BarchesterFlowers · 16/09/2017 09:25

Estate Agent - fairly posh one - Memorandum of sale addressed to Mr & Mrs DH's first name Flowers - put that right.

Survey - completely separate to anything else, random firm commissioned by me, DH's name nowhere near it, paid for by me, emails all from me - addressed to Mr DH's first name Flowers.

What are these people on, it is 2017. Never encountered this before in my five previous purchases. DH is as Hmm as I am.

OP posts:
Gizlotsmum · 17/09/2017 08:02

Dadsussex

You have a choice not to use mothercare or shops with mother and baby spaces ( I thought they were mostly parent and child to be honest).

The birth certificate thing I had never thought about. Is it the same on adoption certificates do you know?

They did try to make ladies night illegal but most venues wanted it kept as it meant more revenue.

Ladies and gentlemen... well I guess that is as traditional as mr and mrs...

Gizlotsmum · 17/09/2017 08:03

Alice..my estate agent has never met my husband but still put his name first!

Dadsussex · 17/09/2017 08:05

I agree it can be belittling

Likewise every time one of our 3 children has an issue at school I'm always second on the phone list or even third after grandparents - this is despite purposely putting my name as first on the emergency call list to prove a point that men don't get called first whereas mums do

Ultimately I totally agree with OP and I promise that is the case

My point is men get the same treatment on different issues but these are rearely talked about

I'm sorry if I have offended some people on here

I'd like to add the suffrage movement upset the male take on things to get their point across and things changed

Perhaps on a small post like this and my comments make make one lady feel perhaps she should stand up for male equality?

Just a little something to think of over Sunday breakfast

Zampa · 17/09/2017 08:06

We've just moved house. I called all the utility companies, council etc. to get bills re-addressed. Gave my details but then asked for OH to be added (he has a different surname). When the correspondence arrived, his name is listed first. Not as extreme as some cases here, but it did irritate me.

Gizlotsmum · 17/09/2017 08:09

Must be your school. Ours call either of us. Used to be my husband first as I worked furthest away.. now me as I am part time.

I think part of the problem is it is still assumed the mother will be the primary carer ( which I agree is wrong)

Dadsussex · 17/09/2017 08:11

Yes I can choose to use mothercare or not and OP can choose to use her EA or not.... my point being everything works both ways

I'm unsure re adoption certificate tbh

Ladies night is tradition - so too are ladies days at horse racing and then there is race for life..... excluding men but men are just as affected by female cancer.....I understand a female only race but how about a male only before or after at the same venue and date?

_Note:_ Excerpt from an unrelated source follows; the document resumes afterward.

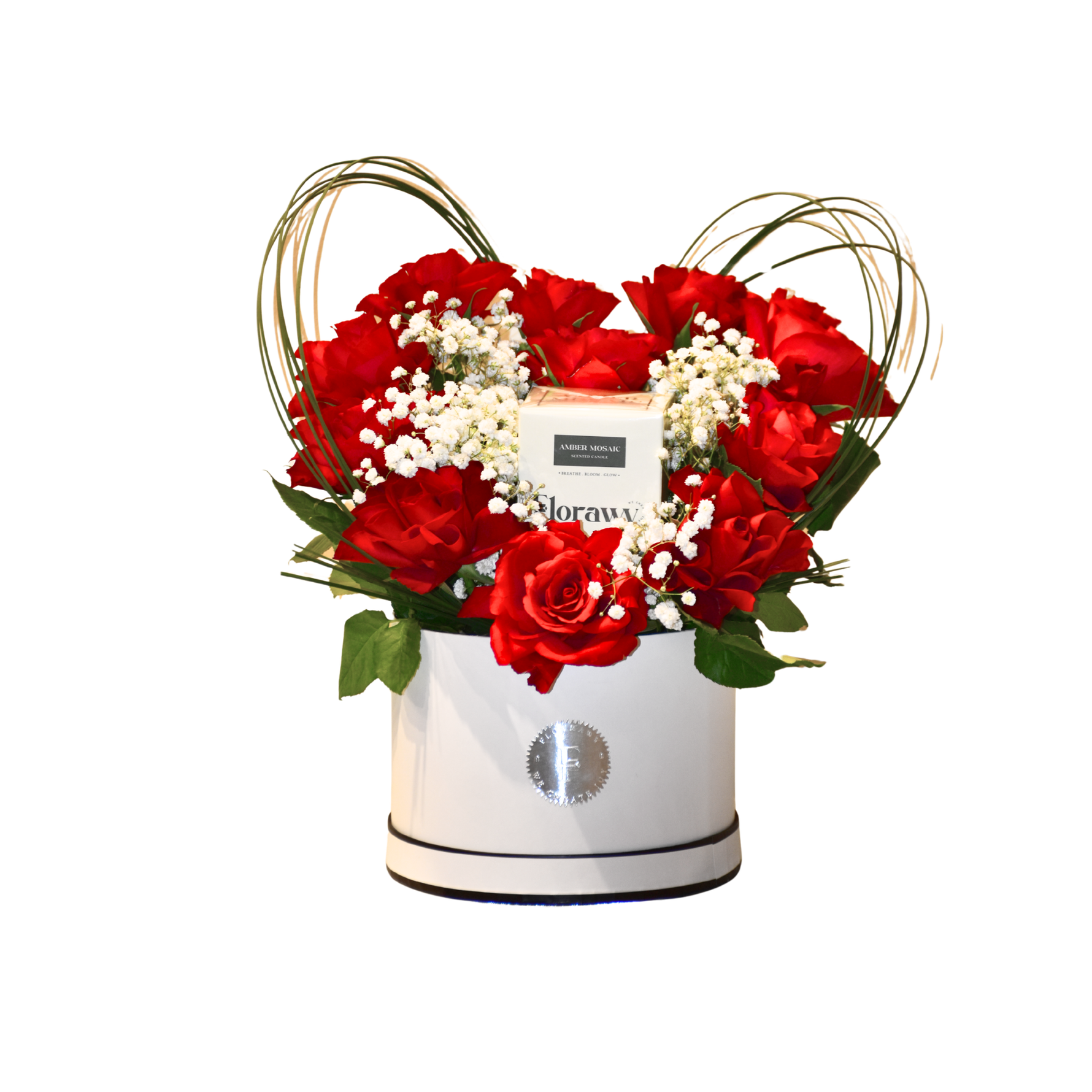 This luxury arrangement features premium red roses arranged in a heart-inspired silhouette, delicately framed with baby’s breath and elegant gold accents. Nestled within the design is a Florawy Signature Candle, designed to fill the room with warmth, elegance, and unforgettable emotion.

Btw im also left handed and as most things are set up for right handed people I have some equality views in that too, but as a lot more people are right handed I see why things are they way they are

Overall we strive to live in a fair society but things at times are lost or forgotten, normally just pointing it out to the respective person will change them but often it doesn't

6 years of being called last on school issues..... I work at home 3 miles from school, OH it's 9 miles away and cannot use her phone at work..... 6 letters and 2 PTA meetings attended and still no change

exLtEveDallas · 17/09/2017 08:16

That really is just your school then. I've worked in 4 and been a parent at 3, DH has always been the 1st contact as he is the SAHP and I'm the 'breadwinner'. Never had an issue.

We birth certificates I've always been annoyed that the father has to be there if his name is to go on, but he can register the birth on his own. Why is that?

Race for life - the charity organisers tried to instigate a male one - it didn't have the take up so they ditched the idea after one season. You have other men to blame for that one Smile

MrsBobtonTrent · 17/09/2017 08:17

When we bought our current house, DH wasn't earning. Nationwide could not cope with that. The mortgage offer meeting was fine, but we had several phone calls (and letters because they clearly didn't believe me) asking for proof of his income. I changed lenders at the first opportunity.

I worked for an EA a long time ago, and all the letters were automatic. Buyer/vendor data went in a database and standard letters churned out (there were paragraph options like silly offer, qualified offer etc.). So it's possibly a software issue.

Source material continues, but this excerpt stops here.